Energy Procedía 0 (2009) 63-70


Case studies of the application of the Certification Framework to two geologic carbon sequestration sites

Curtis M. Oldenburg1, Jean-Philippe Nicot2, and Steven L. Bryant3

1 Lawrence Berkeley National Laboratory, Earth Sciences Division, 90-1116, Berkeley, CA 94720 1 Bureau of Economic Geology, Jackson School of Geosciences, University of Texas, University Station, Box X, Austin, Texas 78713-8924 ^Center for Petroleum & Geosciences Engineering, Univ of Texas, Austin, 1 University Station C0300, Austin, TX 78712-0228

We have developed a certification framework (CF) for certifying that the risks of geologic carbon sequestration (GCS) sites are below agreed-upon thresholds. The CF is based on effective trapping of CO2, the proposed concept that takes into account both the probability and impact of CO2 leakage. The CF uses probability estimates of the intersection of conductive faults and wells with the CO2 plume along with modeled fluxes or concentrations of CO2 as proxies for impacts to compartments (such as potable groundwater) to calculate CO2 leakage risk. In order to test and refine the approach, we applied the CF to (1) a hypothetical large-scale GCS project in the Texas Gulf Coast, and (2) WESTCARB's Phase III GCS pilot in the southern San Joaquin Valley, California.
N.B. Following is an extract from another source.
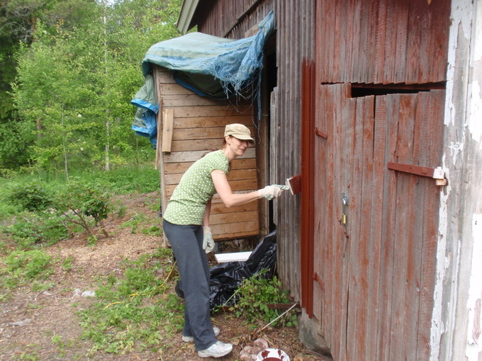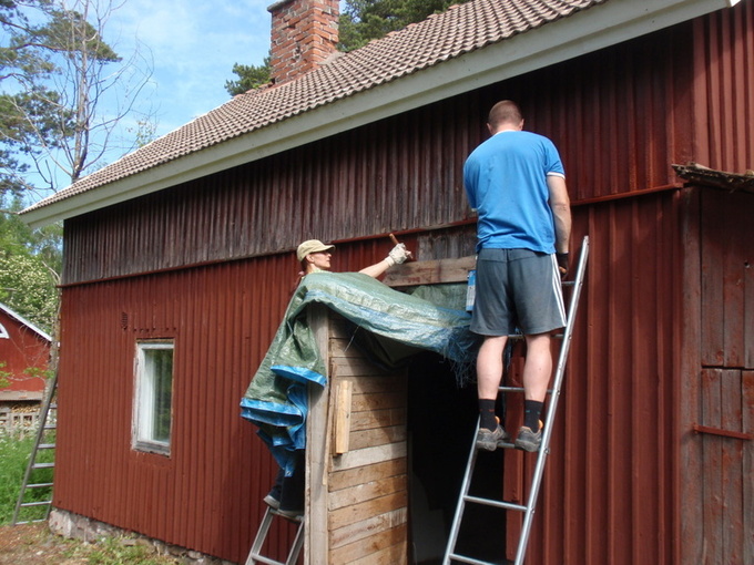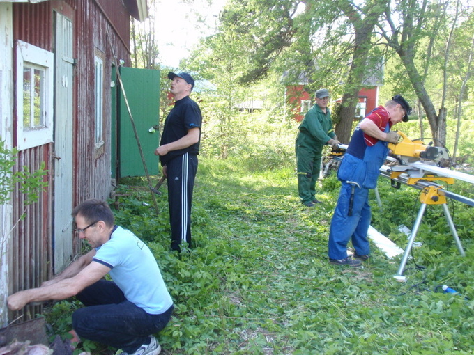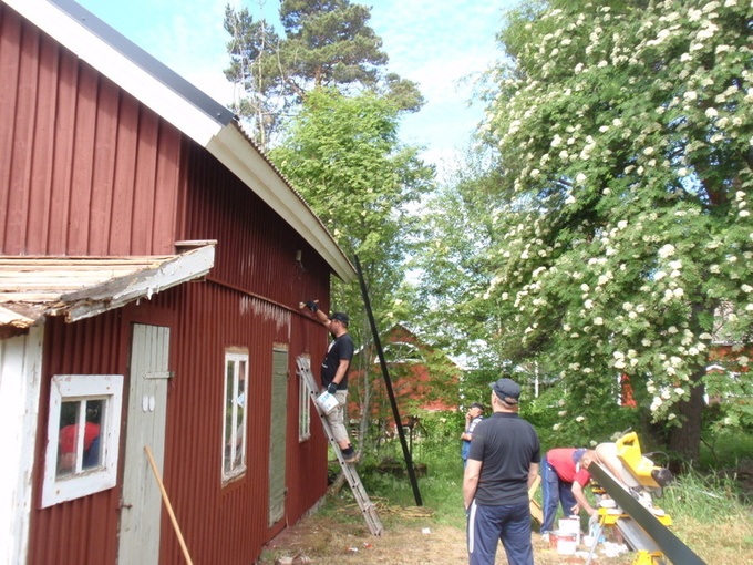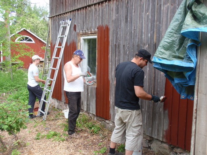 ... Tällä välin tapahtunutta: Matti K. on rapsutellut vanhat maalinrippeet pois... Ja 16.6. alettiin maalaamaan. Tero O. ja Mika aloittivat päädystä... |

© 2009 Lawrence Berkeley National Laboratory (LBNL). Published by Elsevier Ltd. All rights reserved. Keywords: Geologic carbon sequestration; Risk assessment; Leakage risk; Well leakage; Case studies

1. Introduction

We describe a novel and practical risk-based framework for certifying that the leakage risk of a potential geologic carbon sequestration (GCS) site is below agreed-upon thresholds [1]. Our approach addresses a wider set of risks than current federal deep underground injection regulations which protect underground sources of drinking water (USDW). The approach we developed, known as the Certification Framework (CF), proposes a standardized way for project proponents, regulators, and the public to analyze and understand risks and uncertainties of GCS in a simple and transparent way. Here we outline the CF methods and present the results from two case studies.

2. CF Methods Objectives of the CF

The CF focuses on evaluation of the safety and effectiveness of a single GCS site as opposed to screening and ranking which examines multiple sites (e.g., [2,3]). We consider the surface operations associated with GCS (capture, compression, transportation) to be sufficiently well known that existing risk frameworks can be applied to



those operations. By this assumption, we focus the CF solely on geologic storage and specifically exclude consideration of surface operations.
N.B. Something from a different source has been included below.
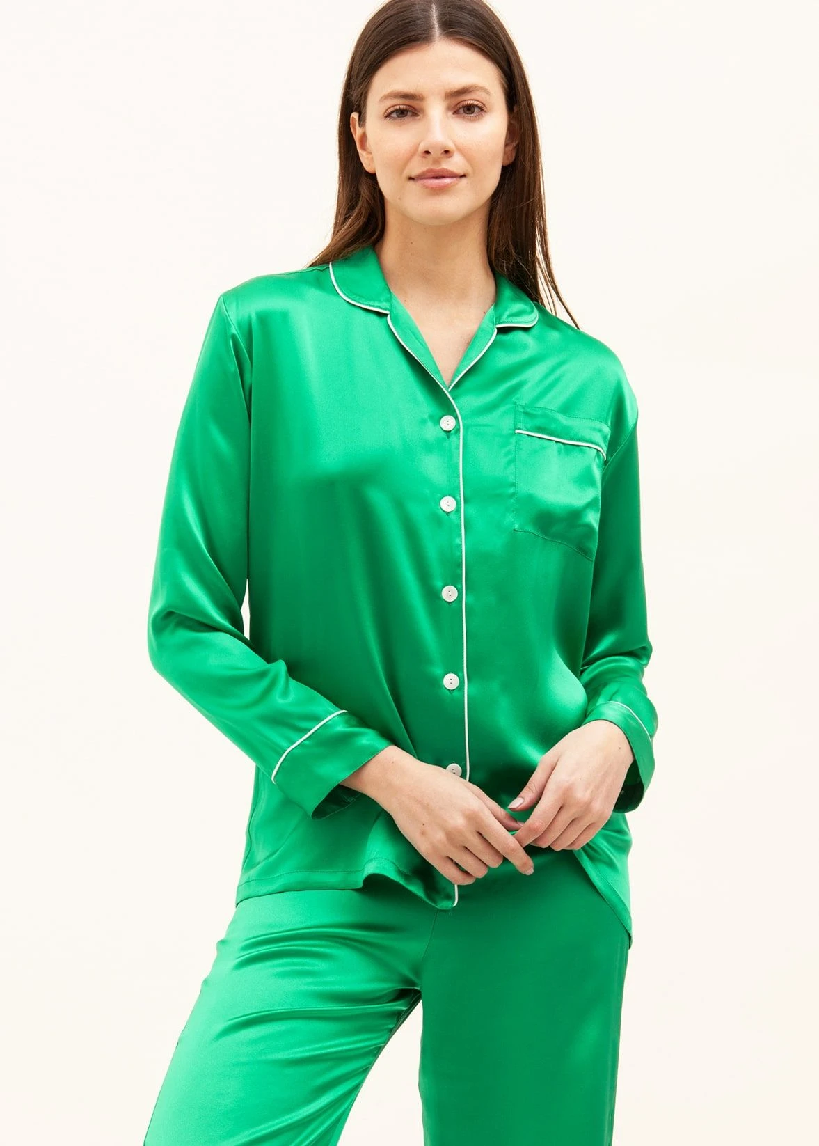Luxurious silk pyjamas in a vibrant emerald green. This cut features a flattering tapered waist and French seams throughout, giving a neater, stronger finish to the seams. Finished with real shell buttons and ivory silk piping. Flattering straight leg pyjama bottoms with a flat fronted waist and a gently elasticated back. This fabric is also available in pyjama shorts.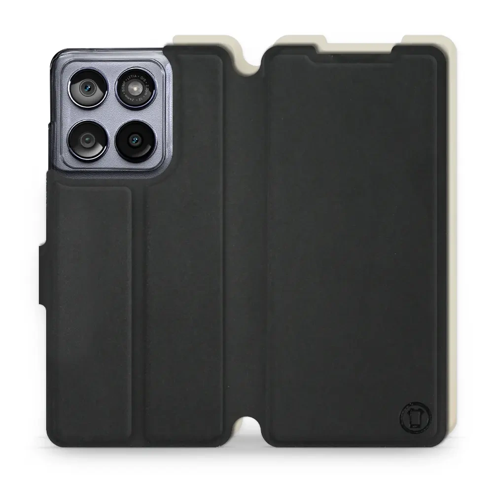 • Etui z klapką marki Mobiwear wykonane w Polsce. Etui Soft Touch do Motorola Edge 60 Fusion - wzór Satynowa czerń z platyną

The purpose of the CF is to evaluate the degree to which a GCS site is expected to be safe and effective. In this context, the word "safe" means that impacts to humans and other living things, the environment, and other resources are acceptably low over both short and long time periods. The word "effective" means that the site will contain indefinitely the vast majority of injected CO2 [4]. In the CF we simplify the system into a tractable and logical form amenable to modeling and analysis. We assume that GCS projects in sedimentary basins share common concerns such as the presence of wells and faults as potential leakage pathways. We use the concept of "effective trapping" in the CF to acknowledge that GCS at a scale large enough to mitigate anthropogenic emissions involves the injection of enormous volumes of CO2 into the Earth's crust, which is not a leak-proof container. The purpose of building the CF upon the effective trapping concept is to distinguish harmful from beneficial (or at least benign) migration. The risk assessment can thereby focus on the likelihood of the former. The CF is intended to be simple, but not too simple, and transparent in terms of what methods are being applied. Through its simplicity and transparency, we aim to encourage the CF be accepted by a wide variety of users, and we aim to make the CF useful around the world under various regulatory systems.
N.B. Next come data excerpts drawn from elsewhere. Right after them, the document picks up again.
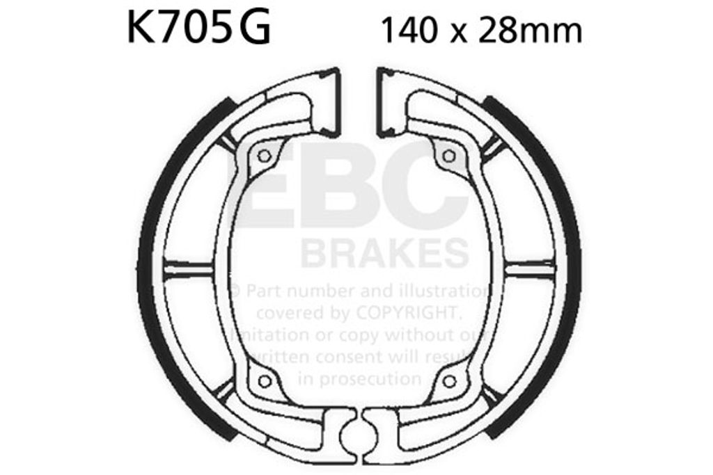 SADA BRZDOVÝCH ČELISTÍ EBC K705G DRÁŽKOVANÝ VČETNĚ PRUŽIN Prodej byl ukončen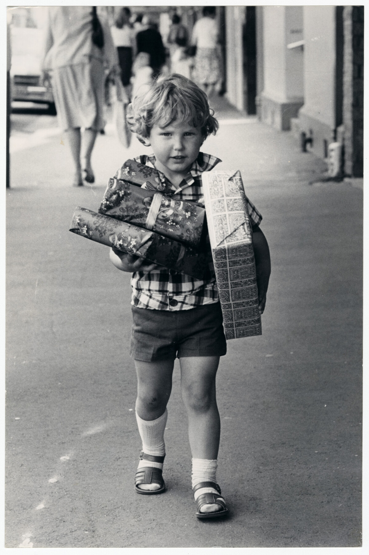 A child, Shaun Roberts, carrying his Christmas presents in the central city.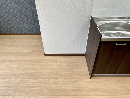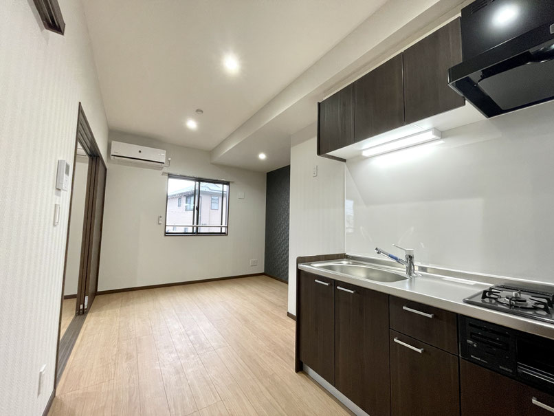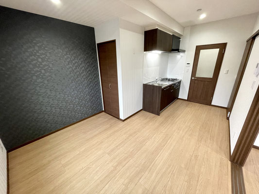 ナチュラルなフローリングと黒系のアクセントクロス、濃いめのウッドなドアやキッチンが特徴的なお部屋です。

The CF hinges upon precise definitions of several terms including "leakage":

• Effective Trapping is the proposed overarching requirement for safety and effectiveness.

• Storage Region is the three-dimensional volume of the subsurface intended to contain injected CO2.

• Leakage is migration across the boundary of the Storage Region.

• Compartment is a region containing vulnerable entities (e.g., potable groundwater).

• Impact is a consequence to a compartment, with severity evaluated by proxy concentrations or fluxes.

• Risk is the product of the probability of an impact occurring and the severity of that impact.

• CO2 Leakage Risk (CLR) is the risk to compartments arising from CO2 migration.

• Effective Trapping is achieved if CO2 Leakage Risk is below agreed-upon thresholds.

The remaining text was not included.